If I were trying to take advantage of you I would have maxed out all your credit cards by now.
And for your info. Don't pee outside with glow sticks. People will still see you.
Just found a 7-11 receipt for new years eve at 1:30 am apparently we felt the need to buy three jars of pickles and a gallon of milk does this ring any bells?
I'm at Home Depot to get supplies to fix the wall we cracked by fucking too hard against the bookshelf.
He leaned in to kiss me and I dodged him but i fell on the floor. I guess I never got up cuz I woke up on the floor and he was in his bed
I gave you a lap dance in a bowling alley... And I was Fine?

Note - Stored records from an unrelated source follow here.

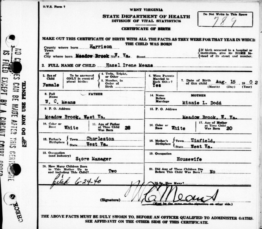 Born: August 15, 1902 in Meadow Brook, Harrison County, West Virginia.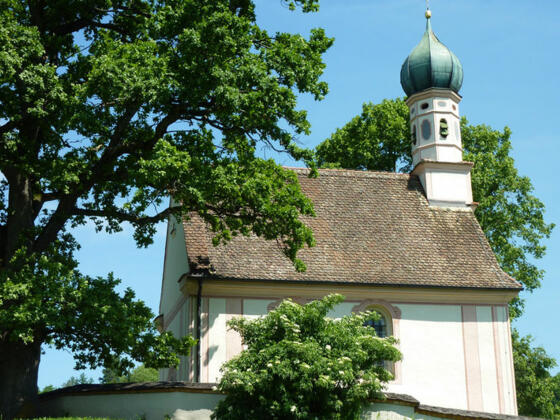 Bevor der Fußweg schon bald auf einen breiteren Weg mündet, passieren wir einen im Sommer 2011 angelegten Informations- und Aussichtsstadl. Wir halten uns anschließend rechts und gleich wieder links zur Ramsachkirche „Ähndl“. Wir folgen dem Weg, der später zu einer landwirtschaftlich genutzten Straße wird. Schon von weitem können wir das Kirchlein sehen, seit Jahrhunderten Wahrzeichen dieses Ortes.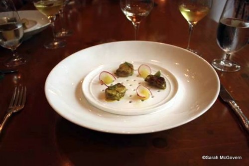 The flavor of sage was predominant, which was a nice complement to the earthy flavors of the next course, a Poulet Rouge with Mushroom-Truffle Ragout and Yellow Chanterelles. Poulet Rouge is a Heritage breed chicken brought to the United States from France and is currently raised in North Carolina. It is rich in flavor and much more tender then the chicken found in a local grocery store. This dish was served with a Pinot Noir to go nicely with the deep woodsy flavor of the truffles. Truffles…simply AMAZING.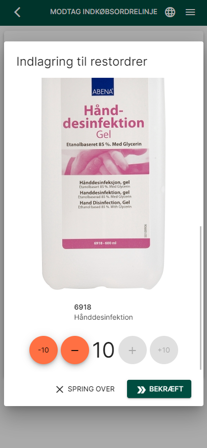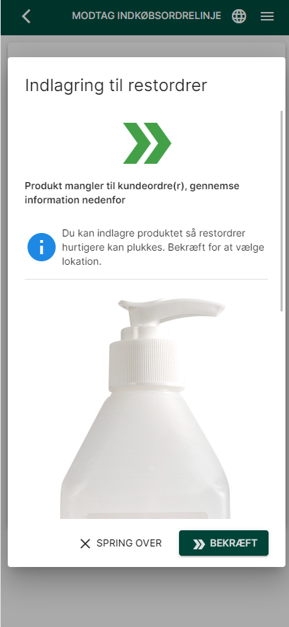PeakWMS foreslår den mængde, som der er bestilt af kunder, og som kan frigives med det samme de lægges på lager. Når du klikker på bekræft, skal du vælge en lokation som varerne skal ligge på.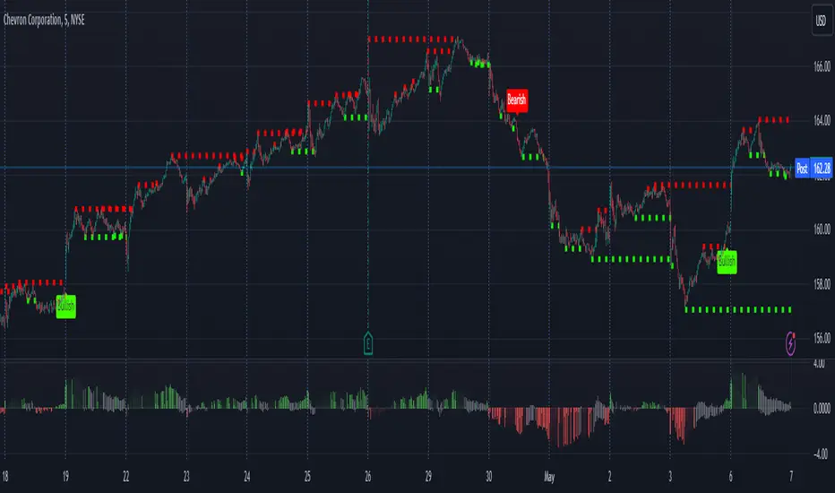 Dual Exponential Moving Averages (EMAs): Effectively detects trend directions and strength by using two EMAs—14 periods for the current time frame and 28 periods for a higher time frame defined by the user.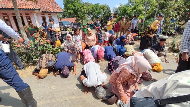 Sejumlah warga bersujud di pekarangan Dusun Cinangka, Desa Cengal, Kecamatan Maja, Kabupaten Majalengka. Aksi itu sebagai wujud syukur karena akhirnya warga bisa bernafas lega setelah mendapat kepastian legalitas hak atas tanah mereka.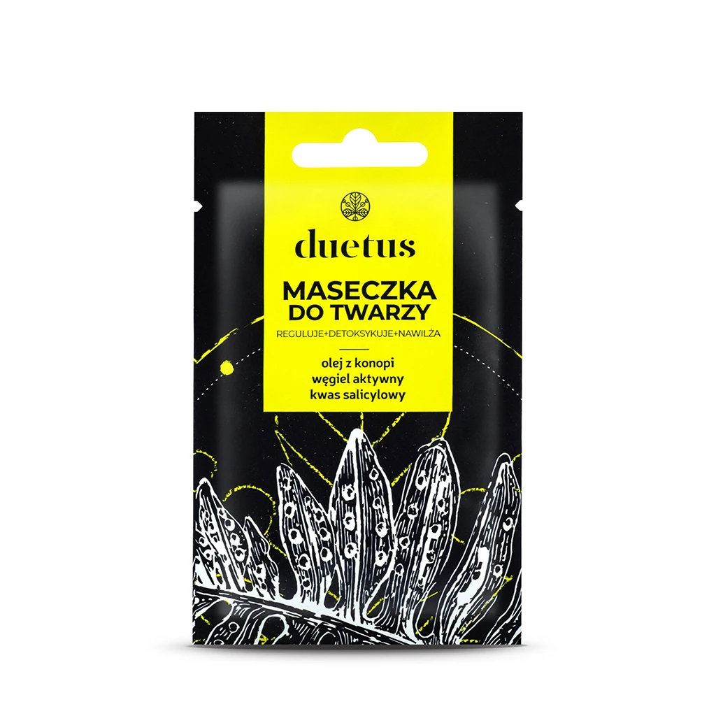 Maseczka do twarzy przeznaczona do zaawansowanej pielęgnacji cery mieszanej lub z niedoskonałościami. Glinka zielona i olej z konopi oczyszczają i zmniejszają pory, regulując proces wydzielania sebum. Zawarty w maseczce węgiel aktywny posiada zdolność przyciągania oraz pochłaniania toksyn i różnego rodzaju zanieczyszczeń. Kwas salicylowy dogłębnie oczyszcza i rozjaśnia powierzchowne przebarwienia. Ekstrakt z lukrecji gładkiej, sorbitol oraz olej z pestek winogron odpowiadają jednocześnie za utrzymanie odpowiedniego poziomu nawilżenia. Po zastosowaniu maseczki skóra staje się widocznie wygładzona, odświeżona i zmatowiona.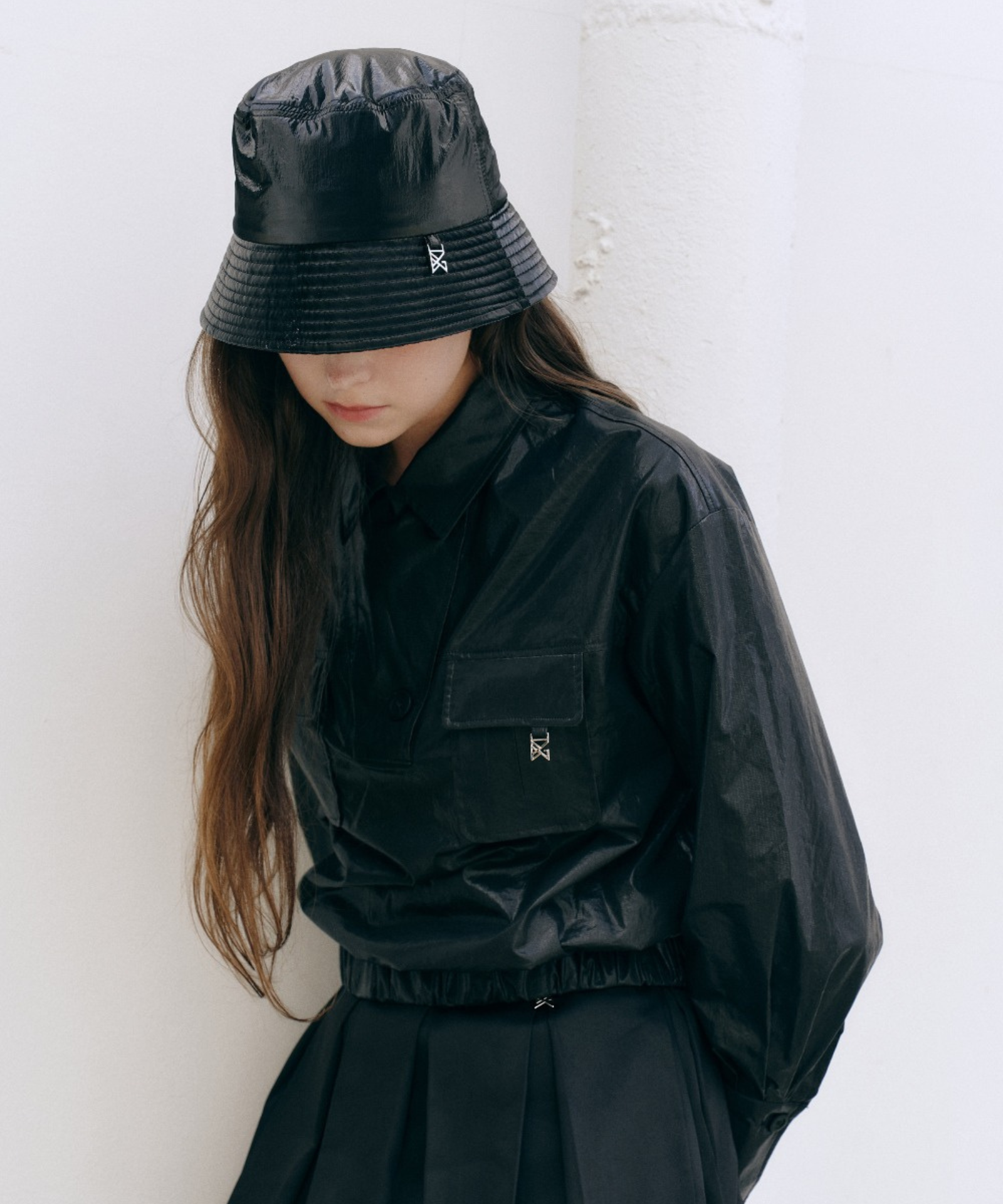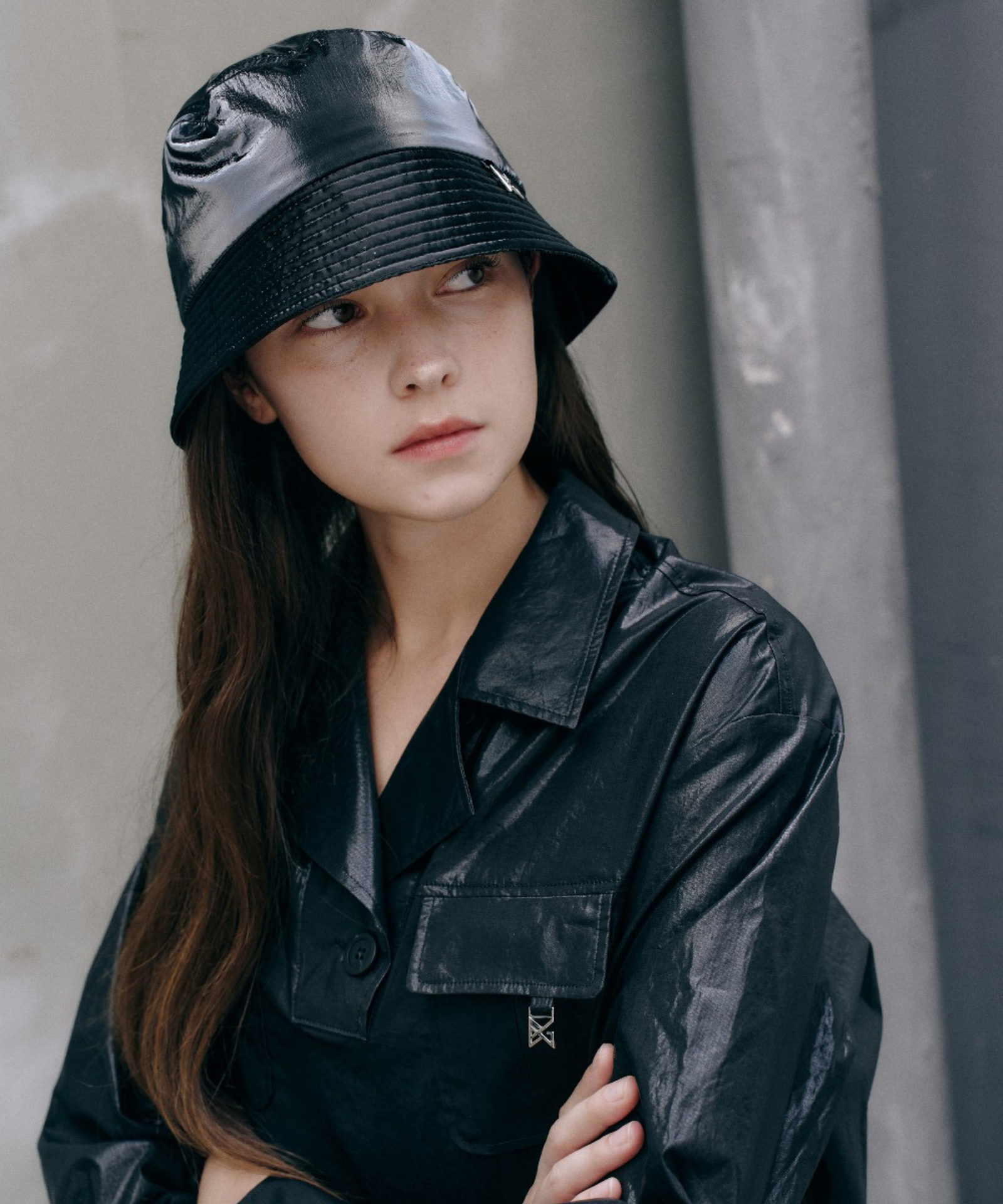 Crafted with a lustrous finish and refined metal branding, this bucket hat seamlessly merges style with practicality. Its thoughtfully angled brim provides superior sun protection while flattering facial contours. The glossy exterior repels water, wind, and environmental debris with ease, while an airy mesh interior maintains comfort throughout wear. An understated yet distinctive accessory for the discerning individual.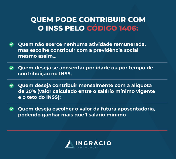 Só podem contribuir com o INSS pelo código 1406 os chamados contribuintes facultativos do INSS.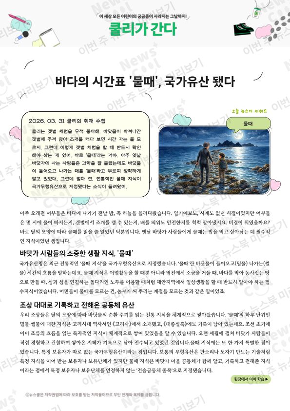 쿨리는 갯벌 체험을 무척 좋아해. 바닷물이 빠져나간 갯벌에 주저 앉아 조개를 캐다 보면 시간 가는 줄 모르지. 그런데 이렇게 갯벌 체험을 할 때 반드시 확인해야 하는 게 있어. 바로 '물때'라는 거야. 아주 옛날 바닷가에 사는 사람들은 과학을 잘 몰랐는데도 바닷물이 들어오고 나가는 때를 '물때'라고 부르며 정확하게 알고 있었대. 그런데 얼마 전, 전통적인 물때 지식이 국가무형유산으로 지정됐다는 소식이 들려왔어. 밀물과 썰물의 시간을 읽는 게 왜 국가유산이 된 걸까? 쿨리가 알아봤어.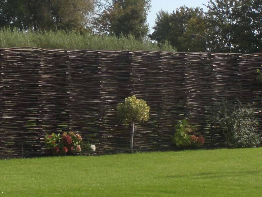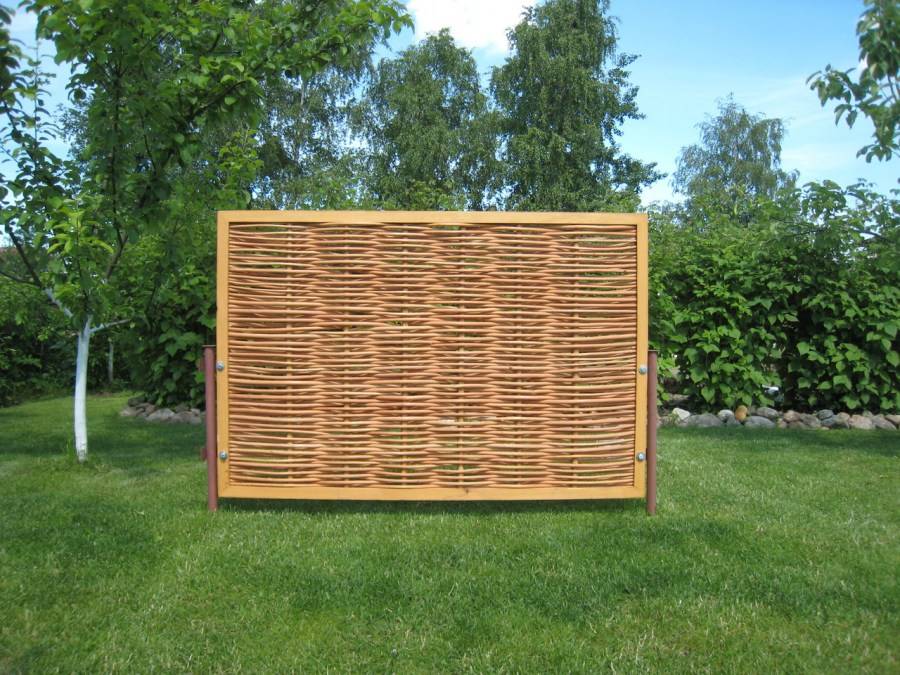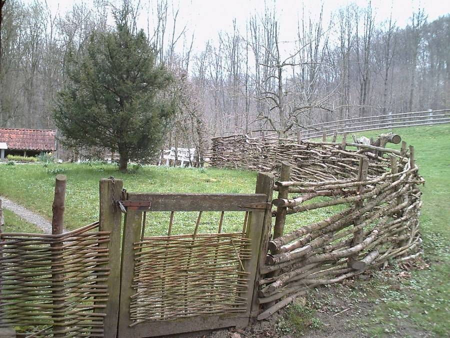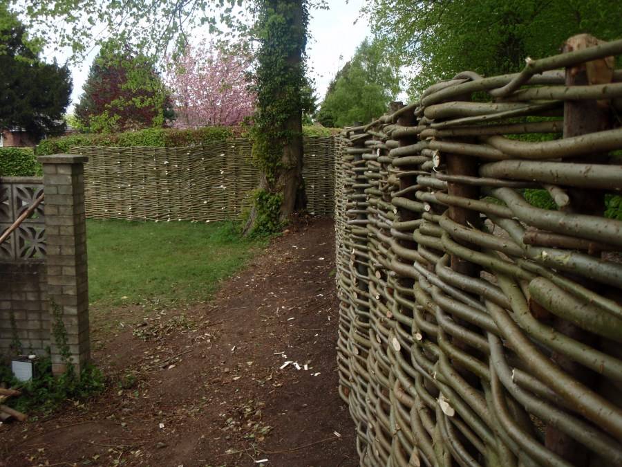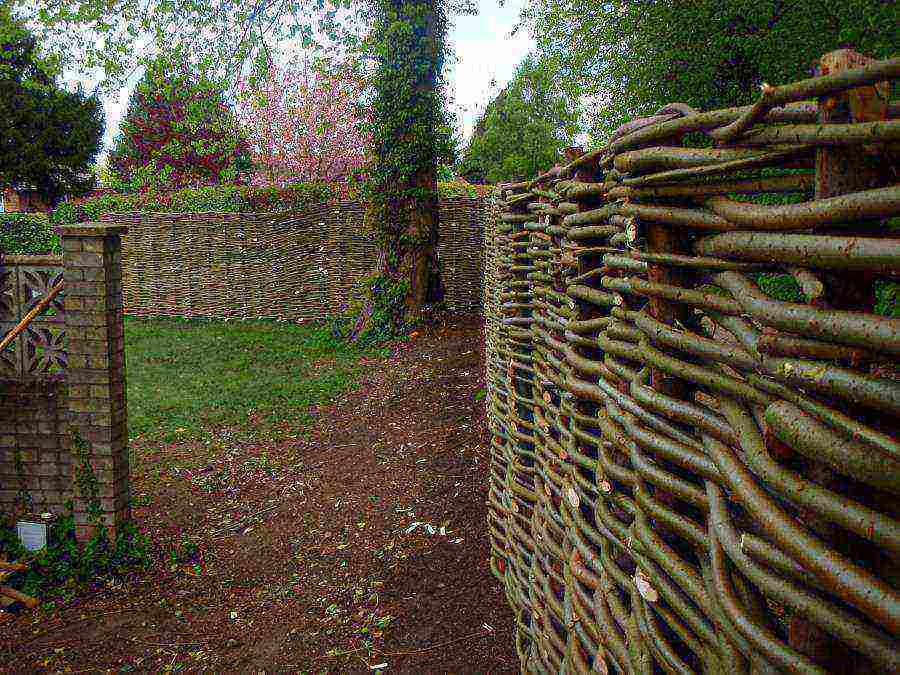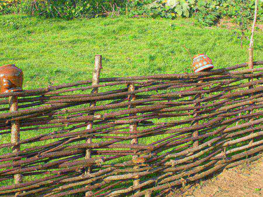 Плетеный забор используют как для огораживания всего участка, так и для выделения зон внутри него. В качестве материала используется лоза, ивовые ветви, орешник, камыш. Выбирают длинные и гибкие ветви и переплетают их, располагая параллельно друг другу. В качестве опоры и поперечной основы используют тонкие столбики, вкопанные в землю перпендикулярно ей.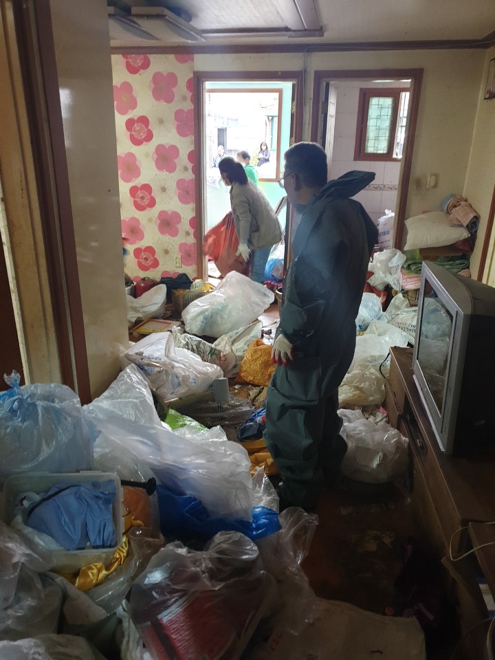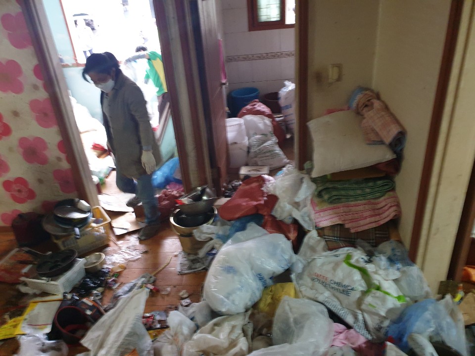 ?거주자의 집은 악취와 벌레로 동층에 위치한 어린이집과 이웃에서 장기간 지속적인 민원이 제기되고 있었습니다. 거주자의 힘겨운 상황을 확인한 해피기버는 지원을 약속하여 폐기물 처리를 결심하게 되었습니다.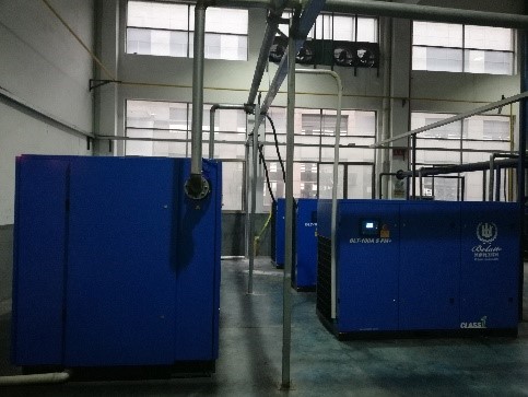 为此,客户急需对空压机进行升级改造。博莱特代理商博越机电汪总亲临现场进行多次勘查、测试并和公司技术人员反复讨论,为客户提供了一个既满足用气,又满足气量和气压变动的解决方案。经过反复沟通说明,客户逐渐信任博莱特的实力,最终决定采用此方案。方案中,博莱特选用了公司新款产品:BLT S油冷永磁变频空压机 和其它加强型1级能效的机器等产品组合,共计5台,同时配有集中控制系统。

damn. i can't believe how fast that went from 0 to lesbian
He returned my car yesterday. Found a duffel bag with beef jerky, condoms, and a handgun this morning. Slightly concerned
Nah I've been there. The worst you'll see is some hobo peeing in a sewer at 3 am on a Saturday
I don't go out. I live in my room watching Bridget Jones and thanking my vibrator for existing.
You don't understand. On her lunch break she sits on the roof, stares into the sky, and chain smokes. I can't get on her level. She is made up of java monsters with whiskey and a voice that sounds like sex.
You need to stop crushing on your boss or fuck her.
I'm eating a bagel on the toilet and watching porn. Trust me, I've got my priorities straight.
His mom came while we were asleep naked and started asking me about my plans after high school... Is that even a thing.
He just kept repeating "It was like meep meep meep on my balls."
Who the fuck puts glitter on their vagina? It’s all over my face and crotch.